St Kent's sounds like an interesting school. It's made itself an academy for more sports than rugby. I was watching Chelsea Cup tennis at our club one evening recently and got talking to the parents of a young woman playing in our team, Kelly Drew. They said the same thing, she wouldn't have got to where she did (playing college tennis in the United States) if she hadn't gone to St Kent's.
Many of the players in the just-completed Chelsea Cup, the North Shore's top tennis competition, this year were at St Kent's, or at Westlake Boys or Girls' High Schools or one of very few other schools where talented juniors can go to learn the game in the company of others as good and keen as them.
At the same time, one or two high schools nearby can not muster a tennis team, I hear, and have not many boys playing rugby either. Basketball is the big game at Rangitoto College, for example. Should anyone be worried? Not to my way of thinking, not if there are plenty of opportunities for students to get into a school that most suits their talents whether those be sporting, musical, literary, scientific, entrepreneurial, theatrical ... the more the better.
But my way of thinking is clearly not shared by those making education policy for the present Government or, to my surprise, by the Auckland rugby fraternity. When rival schools threatened not to play with St Kents this season because it was finding a way around their agreed poaching restrictions, just about everybody who commented on the issue sided with its rivals.
They were concerned that the First XVs of other schools were losing their best players, thus depriving lesser players of the benefits of playing with the best, and they were most concerned that the Auckland's premier secondary schools' rugby competition was becoming less evenly matched. What astonished me was the almost total exclusion of consideration of the talented individual.
The same is true of education in general. Educational theorists are always telling us the state school system is designed to ensure every child can reach his or her potential. But they don't mean it. They care much more about children as a collective called schools than they do about them as individuals. The recommendations of the task force that has reviewed the system for Education Minister Chris Hipkins are all about the interests of schools.
Everything in the task force's scheme is designed to reduce distinctions between schools and limit parents' choice so that all schools might retain the numbers of pupils and range of abilities in their locality.

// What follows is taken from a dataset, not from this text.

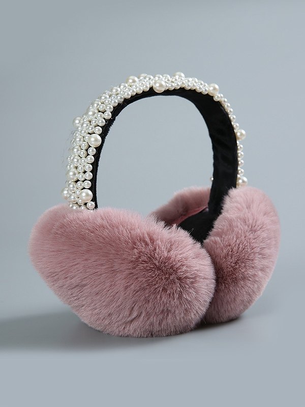 Faux Pearl Embellished Fuzzy Earmuffs

Educational egalitarians argue that talented individuals also do well in that environment. But the testimony of Dalton Papali'i, a standout player for his previous school's First XV, suggests they do not do as well as they could. On the 1News website he is quoted saying of St Kent's, "I love that school. If it wasn't for that school I wouldn't be here. I would probably be a tradie or something."
He said the school had "a winning culture" and he felt it gave him "professionalism at a young age". Kelly Drew told me the same thing. Winning meant everything there, she said.
But clearly not quite everything because she is also a thoroughly pleasant young woman. In fact, all the young products of school tennis academies that I have watched on our courts during this Chelsea Cup have been not just controlled accurate players (rare in teenage tennis) but have displayed strong, calm professional temperaments, which did not used to be characteristic of our sport.
The same can be said of Dalton Papali'i on the evidence of his TV appearance with Caleb Clarke after the Blues beat the Waratahs. Both sounded like well-rounded, well-grounded individuals and Papali'i, the more confident speaker, made sure his team mate got equal time.
I'm not sure a winning culture and professionalism are among the values approved for schools by educational egalitarians but I'm glad we have schools that develop those attributes and I hope they do not become confined to private schools. That is what may happen if all state schools become places of general mediocrity, subservient to "hubs" of central power.